夕方になると、「晩夏の風物詩」ツクツクボウシの鳴き声が。
日本人が好む蝉の声と言えば、おそらくヒグラシが一番人気。
哀愁を帯びた「カナカナカナ」の声を聞くと、何故か子供の頃の懐かしい思い出が蘇ってきて。
「季節の移ろい」を感じさせる虫たちは、夜更けにも。
コオロギやキリギリス、クツワムシなどが奏でる「夜の演奏会」。
聞く所によれば、虫の音を「風情があって心地よい」と感じるのは、日本人特有だそうな。
日本人は左脳(言語脳)で「虫の声」を聴き、西洋人は右脳(音楽脳)で「虫の音」を聞くと。
この不思議な違いは、母国語が「母音型」か「子音型」かに拠るらしく。
日本語は「母音中心」の言語だから、「母音近似」の虫の声を、言語脳で処理するとの説。

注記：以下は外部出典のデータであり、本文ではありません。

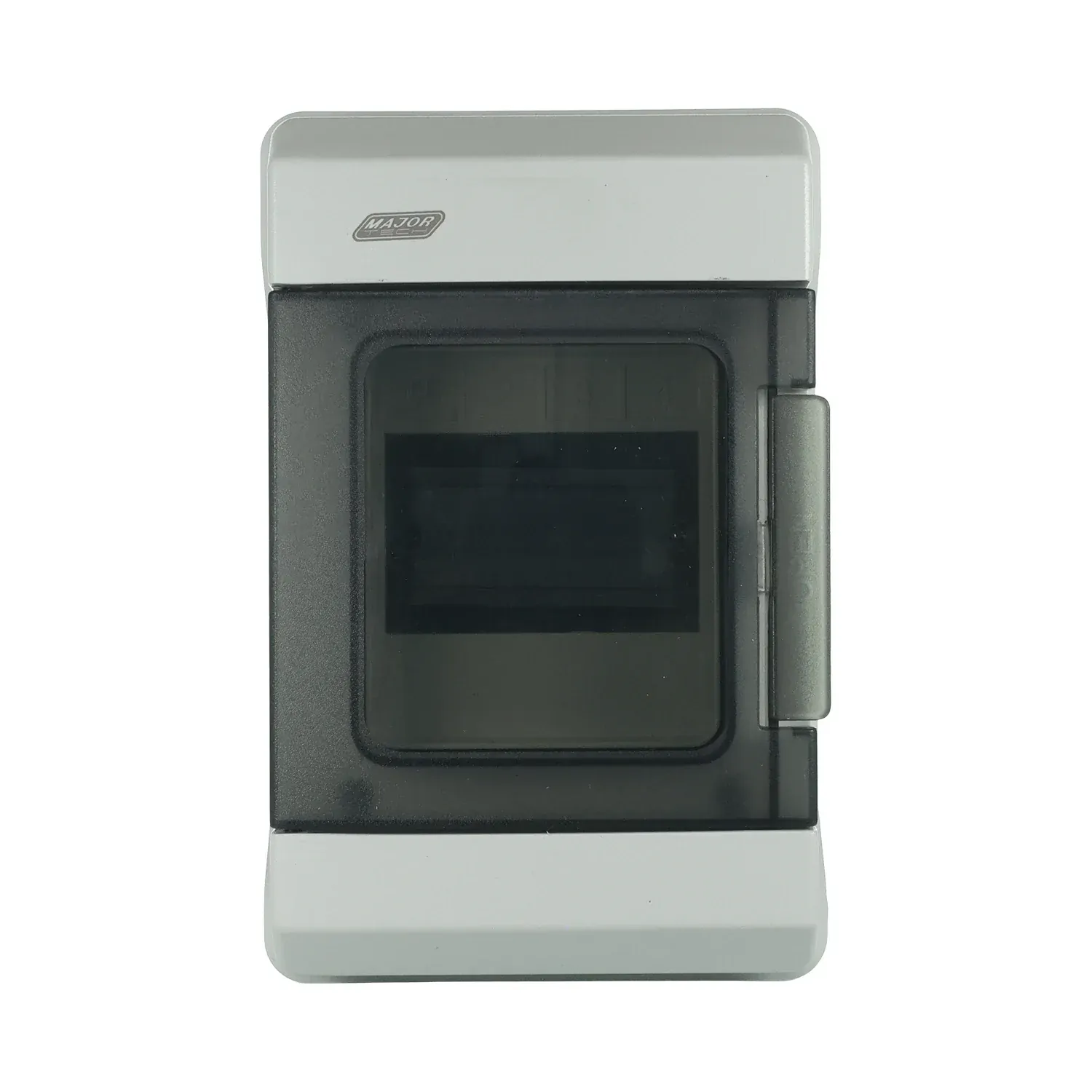 The Major Tech VBW4SA is a 4-pole surface mount switchboard with an IP66 rating and IK08 impact resistance, designed for reliable electrical distribution in demanding environments. With a single-row DIN rail layout, it accommodates up to four 18mm modules, ideal for compact installations where strength, safety, and weather protection are critical.
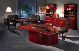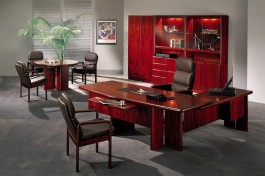Presidential desk with wooden top and black leather inlay. 2 pieces. Supported on 3 door side black piano lacquer credenza. Cable management.
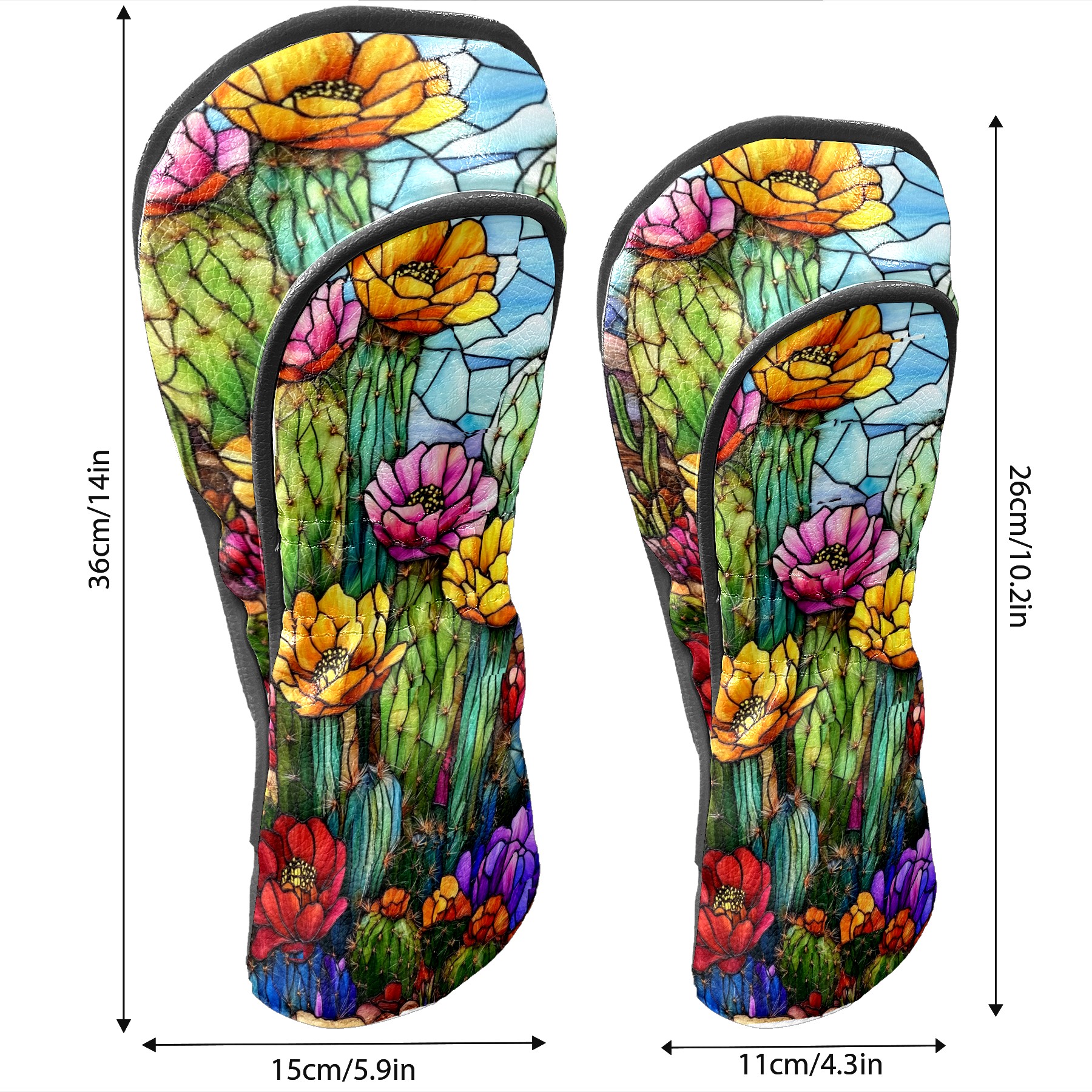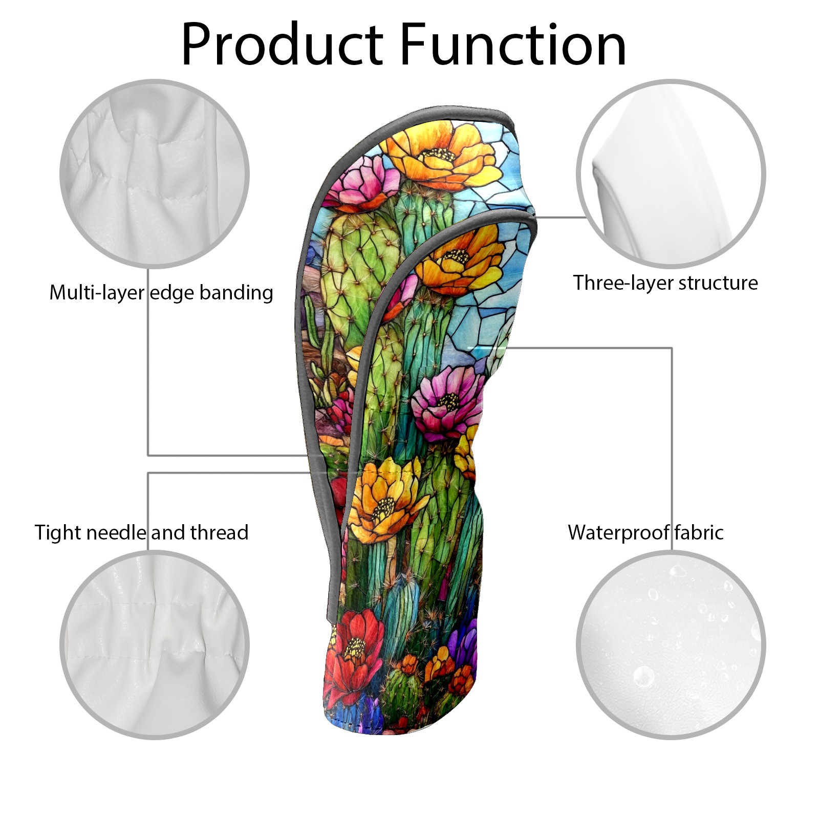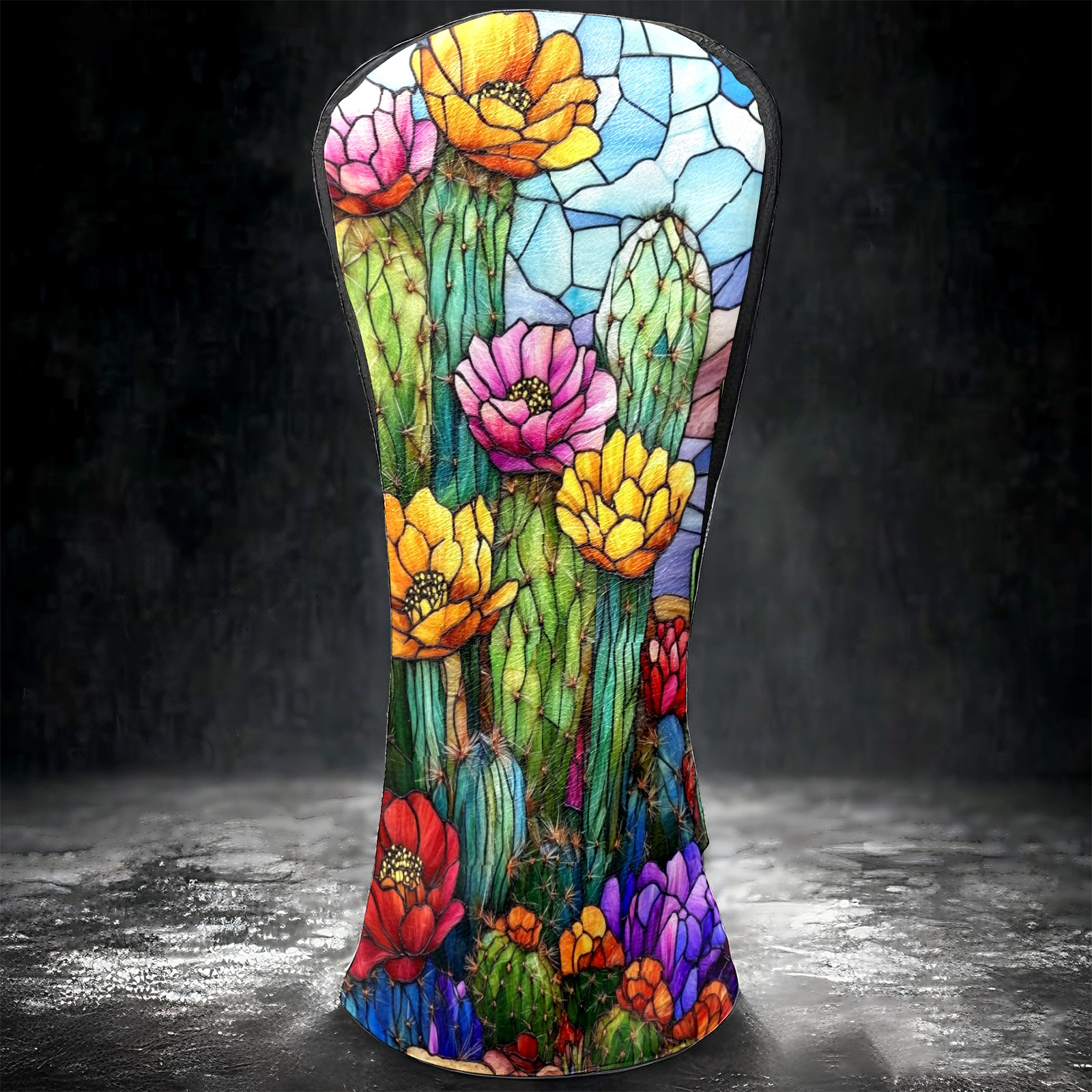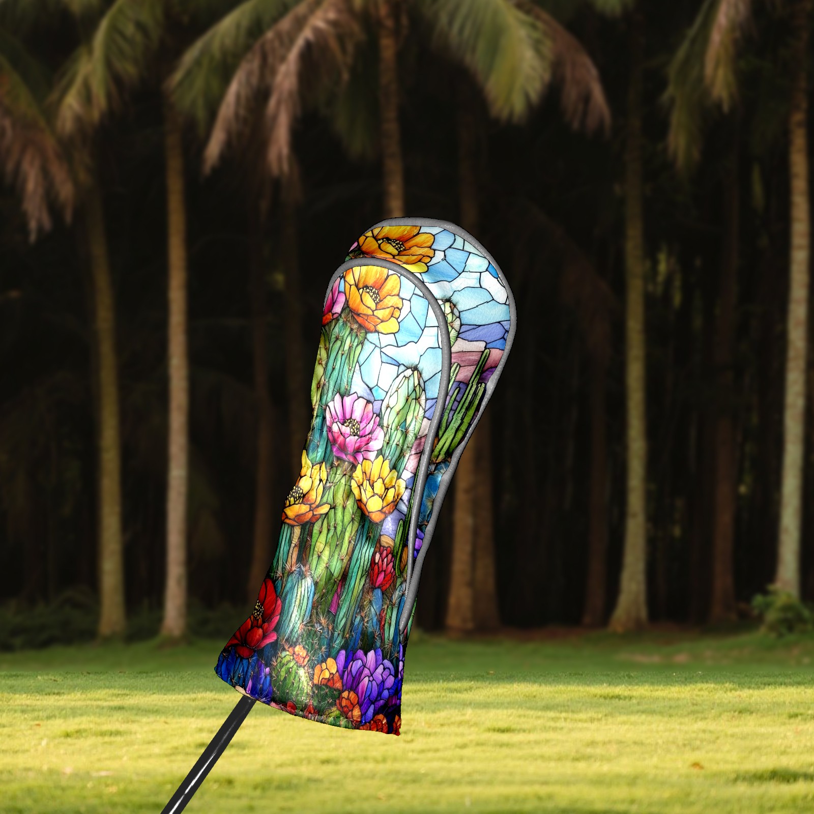 Golf Head Covers Leather Driver Head Cover, Premium Golf Club Covers with Anti-Scratch Lining for Women Men 1/3/5 Wood Cover for Golf Clubs (Stained Glass Cactus)

世界中でこのパターンは、日本語とポリネシア語だけとか。
「虫の音」がノイズでしかない文化と、「虫の声」に聴き入る文化。
芭蕉の名句「閑かさや岩にしみ入る蝉の声」は、日本ならでは。
虫や動物の声だけでなく、風や雨や波の音、樹々のそよぎや小川のせせらぎも、「自然の声」として耳を傾ける感性。
なるほど、まさに「山川草木悉皆成仏」。
ウィズコロナで溜まった疲れを、虫の声が優しく癒してくれるかも。